Contribute to the successful release of .NET Core 3.0 by improving developer productivity through efficient build/test iterations.
Health telemetry is a fundamental monitoring tool and should be considered early in the design of a service.
Telemetry storage must be enterprise grade, highly available, and redundant. The data must be made available to reporting services. Application Insights is a preferred channel with easy integration for Azure services. Other storage solutions, like Azure Data Explorer and SQL Server, may also be used as appropriate for the particular needs of a service.
As general guidance, consider:
-
Telemetry related to the value the service provides to its users, example:
- Number of events or triggers
- Queries of a particular endpoint
- Count of completed tasks
-
Telemetry related to the health of the service, example:
- Successful and failed operations
- Unknown events or triggers
- Malformed payloads
- Recoverable and unrecoverable errors
Document the service's telemetry.
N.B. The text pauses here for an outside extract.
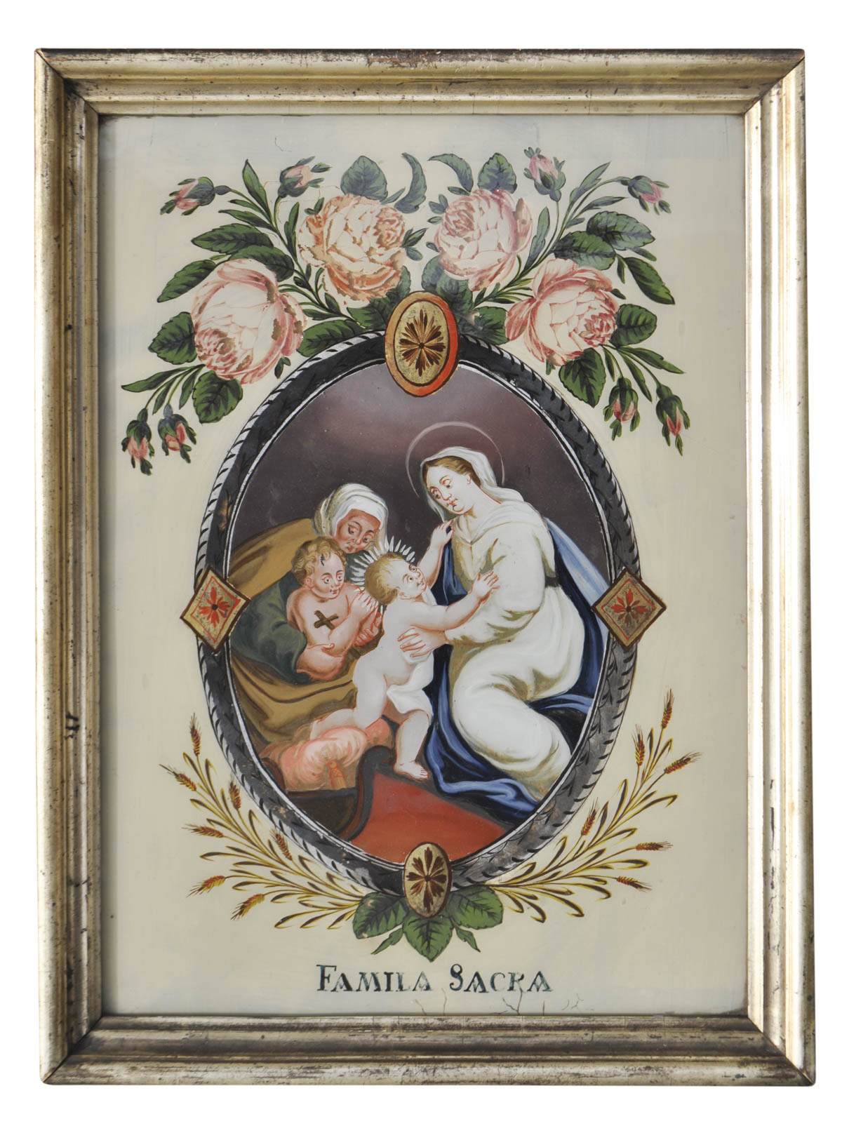 Anonym/Anonimo "Famiglia Sacra", XIX sec.;Pittura dietro vetro, 37,5 x 27 cm, in cornice

Include for each metric:
- Technical detail on how the data is collected (to help provide context)
- Why the data is collected.
- What is good and bad for the data? How will a monitor determine when to act?
- What action should be taken if telemetry indicates "bad"?
Work with Leadership to identify any additional telemetry for current business efforts.
As GitHub issues is the primary means of work management for DNCEng, it is expected that all First Responder efforts of note be captured as a GitHub issue and added to the "First Responder" Epic. Telemetry and workload data is collected through this channel.
Customers may initiate communication with the First Responder team through other means, such as the First Responder Teams channel, email alias and direct communication. Substantive communication should be moved to GitHub to allow telemetery gathering, improve workflow clarity, and increase information sharing.
Open a new issue for any customer support effort taking more than fifteen minutes.
Ensure issues are labeled appropriately.
These telemetry guidelines are meant to extend but not supersede operational guidelines set in First Responder Responsibilities.
Name: Count of issues opened by members outside of DNCEng
Goal: Understand FR workload balance
Action:
- Significant external customer load indicates issue in documentation or service quality
- Significant internal customer load indicate technical debt